Retype nothing except the lines below from the one with "La coperta natalizia" through the one with "ソファダイニング3点セット 左肘タイプ ダイニングソファ+昇降式テーブル", exactly, with images left out.
═════ Data section ═════
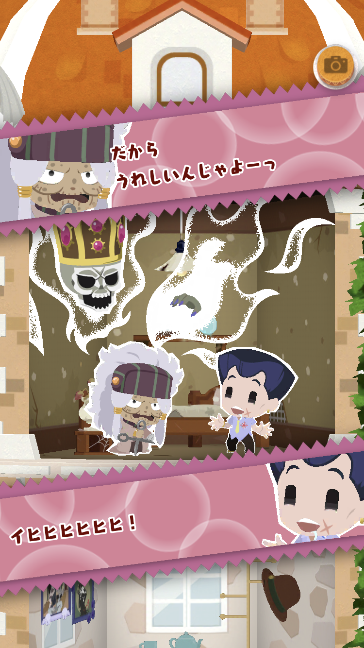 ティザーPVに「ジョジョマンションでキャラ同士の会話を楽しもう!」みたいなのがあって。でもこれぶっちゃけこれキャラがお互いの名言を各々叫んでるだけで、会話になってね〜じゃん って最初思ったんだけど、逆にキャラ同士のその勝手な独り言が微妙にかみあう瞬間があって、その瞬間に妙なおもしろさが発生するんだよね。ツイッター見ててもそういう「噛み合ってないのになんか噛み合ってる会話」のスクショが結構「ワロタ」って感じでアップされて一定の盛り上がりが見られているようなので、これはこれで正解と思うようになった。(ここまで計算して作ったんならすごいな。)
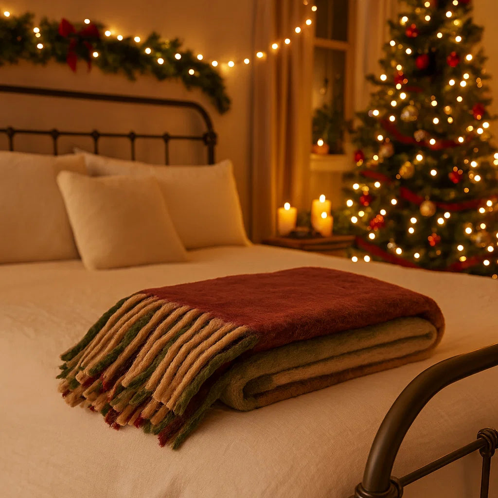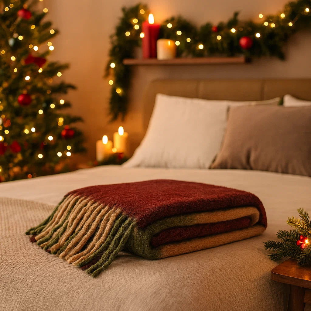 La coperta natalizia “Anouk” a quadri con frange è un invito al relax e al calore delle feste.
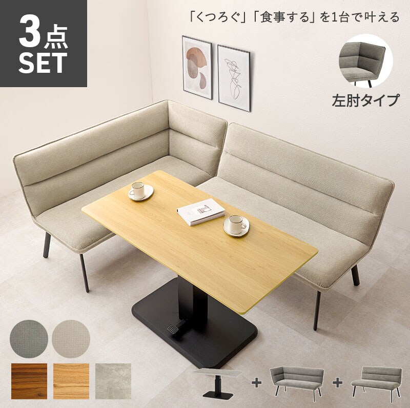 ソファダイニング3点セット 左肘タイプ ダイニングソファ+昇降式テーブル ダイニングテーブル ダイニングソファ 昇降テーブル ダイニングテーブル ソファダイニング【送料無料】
═════
═════ Data section ═════
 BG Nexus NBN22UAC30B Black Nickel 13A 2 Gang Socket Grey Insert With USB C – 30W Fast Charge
═════
The answer
 La coperta natalizia “Anouk” a quadri con frange è un invito al relax e al calore delle feste.
 ソファダイニング3点セット 左肘タイプ ダイニングソファ+昇降式テーブル ダイニングテーブル ダイニングソファ 昇降テーブル ダイニングテーブル ソファダイニング【送料無料】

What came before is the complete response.